||Regulations of the Haburot Gemillut Hassidim “Moz le-Dal.” The title page has a gilt frame and the text is also set in gilt letters. There is an approbation from R. Moses Joshua Judah Leib ben Benjamin Diskin, a preface, and the ordnances, eighteen in number.
Gemillut Hassidim (lit., "the bestowal of loving kindness") is the most comprehensive and fundamental of all Jewish social virtues, which encompasses the whole range of the duties of sympathetic consideration toward one's fellow man. The earliest individual rabbinic statement in the Talmud, the maxim of Simeon the Just, mentions it as one of the three pillars of Judaism ("Torah, the Temple service, and gemilut hasadim) upon which the [continued] existence of the world depends" (Avot 1:2).
The first Mishnah of Pe'ah enumerates it both among the things "which have no fixed measure" and among those that "man enjoys the fruits thereof in this world, while the stock remains for him in the world to come," i.e., its practice affords satisfaction in this world while it is accounted a virtue for him on the Day of Judgment. This, incidentally, is an exception to the general rule that pleasure in this world is at the expense of one's spiritual assets. With regard to the former, the Jerusalem Talmud (Pe'ah 1:1, 15b) differentiates between gemilut hasadim expressed in personal service ("with his body") and with one's material goods. It maintains that only the former is unlimited in its scope, whereas the latter is limited by the general rule that one should not "squander" more than a fifth of one's possessions on good works. With regard to the latter, the text of the Mishnah mentions only "honoring one's parents, gemilut hasadim, and bringing about peace between man and his fellow." The prayer book version adds, inter alia, "hospitality to wayfarers, visiting the sick, dowering the bride, attending the dead to the grave." These additions, culled from various beraitot and other passages, are actually redundant since they are merely aspects of the comprehensive virtue of gemilut hasadim which embraces them and many other expressions of human sympathy and kindness (cf. Maim., Yad, Evel 14:1).

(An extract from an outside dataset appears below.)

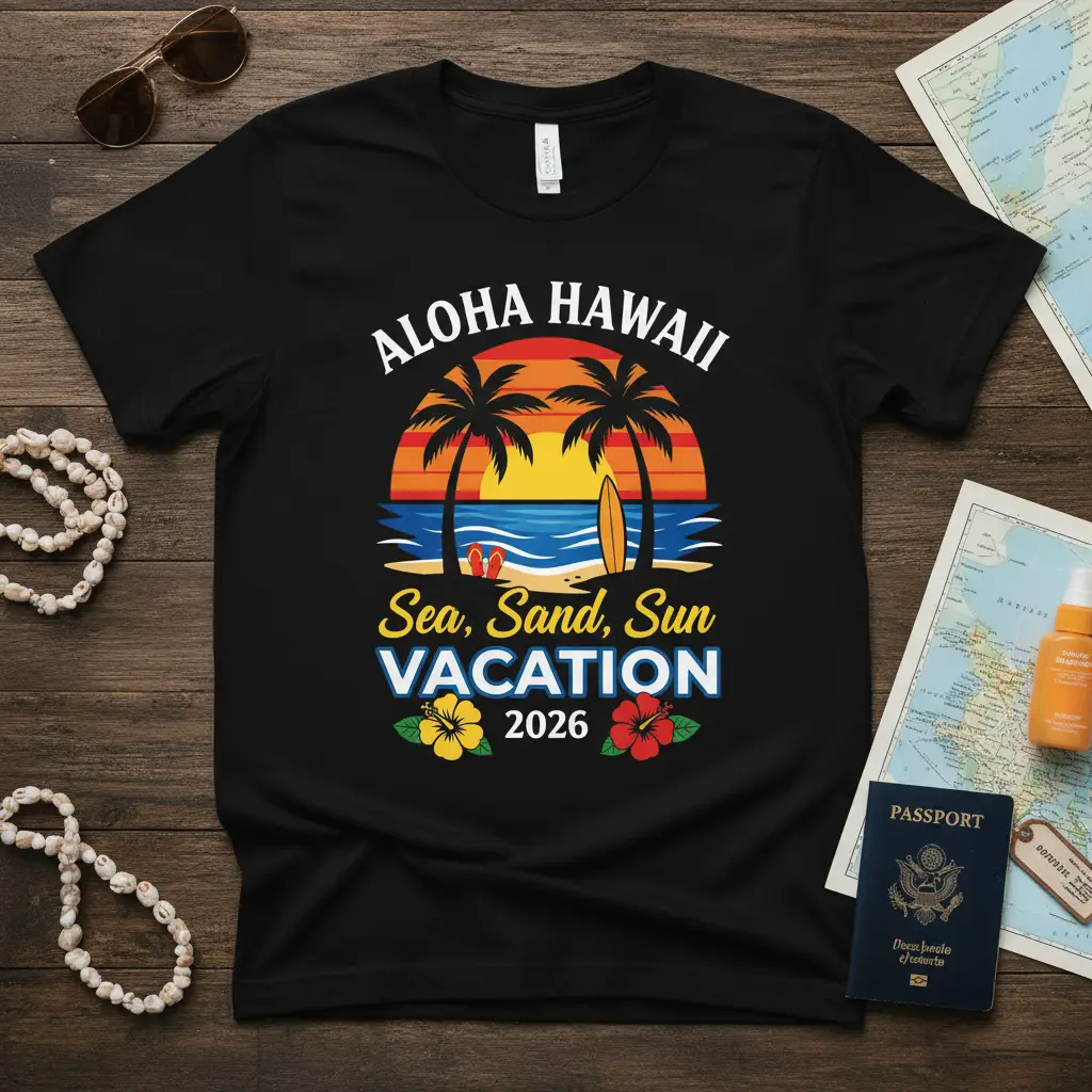 ALOHA HAWAII Sea, Sand, Sun VACATION 2026 is more than just a phrase; it’s an invitation to embrace the ultimate tropical escape. This t-shirt is designed to capture the essence of paradise, making it the perfect companion for your unforgettable journey. Imagine yourself on a sun-drenched beach, the gentle sound of waves, and the warmth of the sun on your skin – this tee brings that feeling to life. It’s crafted for comfort and style, ensuring you look and feel your best as you create cherished memories. Get ready to experience the magic of Hawaii in ultimate comfort and vibrant style.

Gemilut ḥasadim encompasses a wider range of human kindness than does charity : "Charity can be given only with one's money; gemilut hasadim, both by personal service and with money. Charity can be given only to the poor; gemilut hasadim, both to rich and poor. Charity can be given only to the living; gemilut hasadim, both to the living and the dead" (Suk. 49b). Thus, helping a lame man over a stile is an act of gemilut hasadim, though not of charity; a gift given with a scowl to a poor man may be charity; the same amount given with a smile and a word of good cheer raises it to the level of gemilut hasadim. Almost humorously the rabbis point out that the only provable example of genuine altruistic gemilut hasadim is paying respect to the dead, for in it there is not the unspoken thought that the recipient may one day reciprocate (Tanḥ., Va-Yehi 3; cf. Rashi to Gen. 47:29).
Gemilut hasadim is regarded as one of the three outstanding, distinguishing characteristics of the Jew, to the extent that "whosoever denies the duty of gemilut hasadim denies the fundamental of Judaism" (Eccles. R. 7:1); he is even suspected of being of non-Jewish descent. Only he who practices it is fit to be a member of the Jewish people (Yev. 79a), for the Jews are not only practicers of gemilut hasadim but "the scions of those who practice it" (Ket. 8b). That gemilut hasadim is essentially a rabbinic ethical conception, is explicitly stated by Maimonides (loc. cit.). During the Middle Ages the grand conception of gemilut ḥasadim as embracing every aspect of benevolence and consideration to one's fellow both in attitude and in deed became severely limited to the single aspect of giving loans without interest to those in need. It is not unlikely that this limitation was due to the fact that the main source of economic existence for the Jew was money lending (to non-Jews), with the result that in lending money without interest he was depriving himself of his essential stock in trade. It is to this connotation of gemilut hasadim that the free-loan gemilut hasadim societies refer.